## ACTION ITEM
When you repeat the listing below, keep every word exactly and leave out each picture.

## DATA EXTRACT

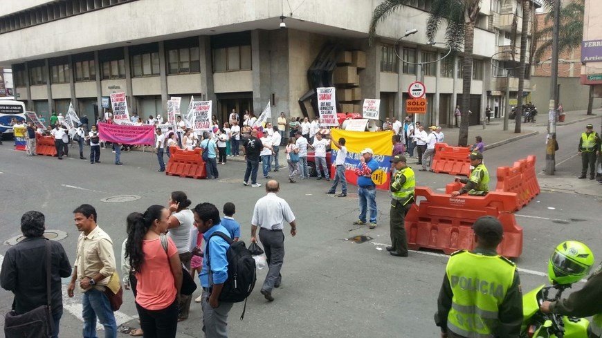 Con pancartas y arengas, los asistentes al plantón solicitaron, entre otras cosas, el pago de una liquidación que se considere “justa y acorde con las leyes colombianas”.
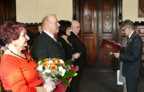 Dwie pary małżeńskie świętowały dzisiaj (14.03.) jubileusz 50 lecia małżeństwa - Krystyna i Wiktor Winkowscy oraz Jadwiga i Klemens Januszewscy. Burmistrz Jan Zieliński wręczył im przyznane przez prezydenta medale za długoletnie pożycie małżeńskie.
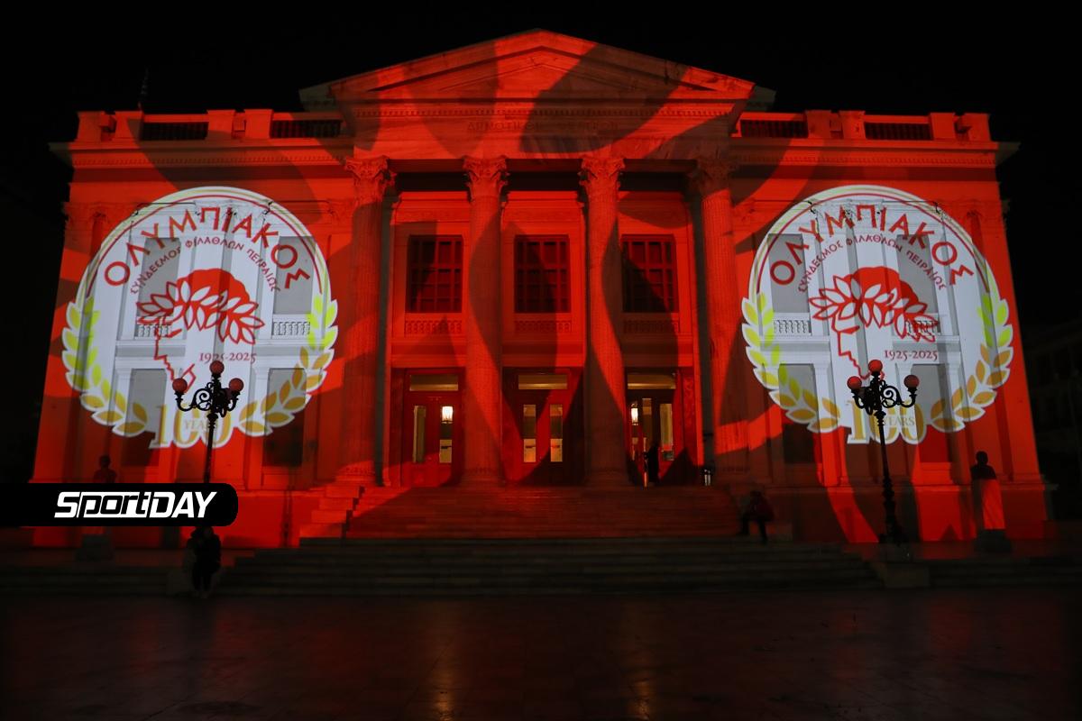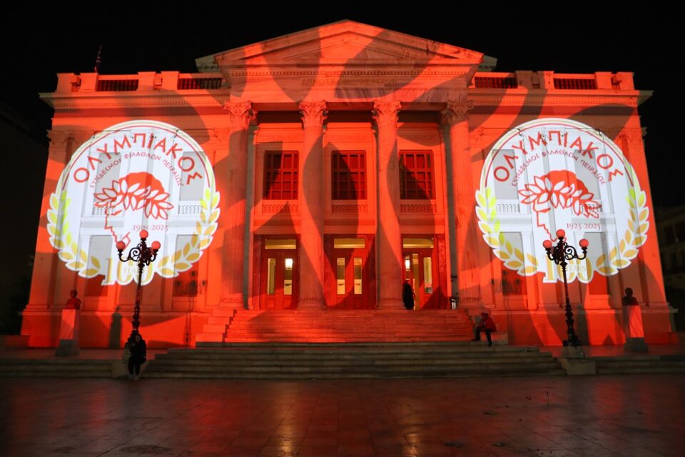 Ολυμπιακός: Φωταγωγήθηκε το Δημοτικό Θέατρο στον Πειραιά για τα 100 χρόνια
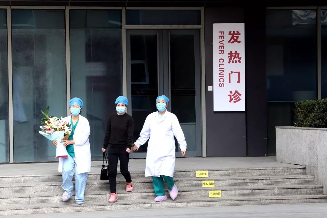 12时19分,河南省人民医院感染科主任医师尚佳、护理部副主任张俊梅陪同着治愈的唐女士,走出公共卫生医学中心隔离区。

## ANSWER SECTION
 Con pancartas y arengas, los asistentes al plantón solicitaron, entre otras cosas, el pago de una liquidación que se considere “justa y acorde con las leyes colombianas”.
 Dwie pary małżeńskie świętowały dzisiaj (14.03.) jubileusz 50 lecia małżeństwa - Krystyna i Wiktor Winkowscy oraz Jadwiga i Klemens Januszewscy. Burmistrz Jan Zieliński wręczył im przyznane przez prezydenta medale za długoletnie pożycie małżeńskie.
 Ολυμπιακός: Φωταγωγήθηκε το Δημοτικό Θέατρο στον Πειραιά για τα 100 χρόνια
 12时19分,河南省人民医院感染科主任医师尚佳、护理部副主任张俊梅陪同着治愈的唐女士,走出公共卫生医学中心隔离区。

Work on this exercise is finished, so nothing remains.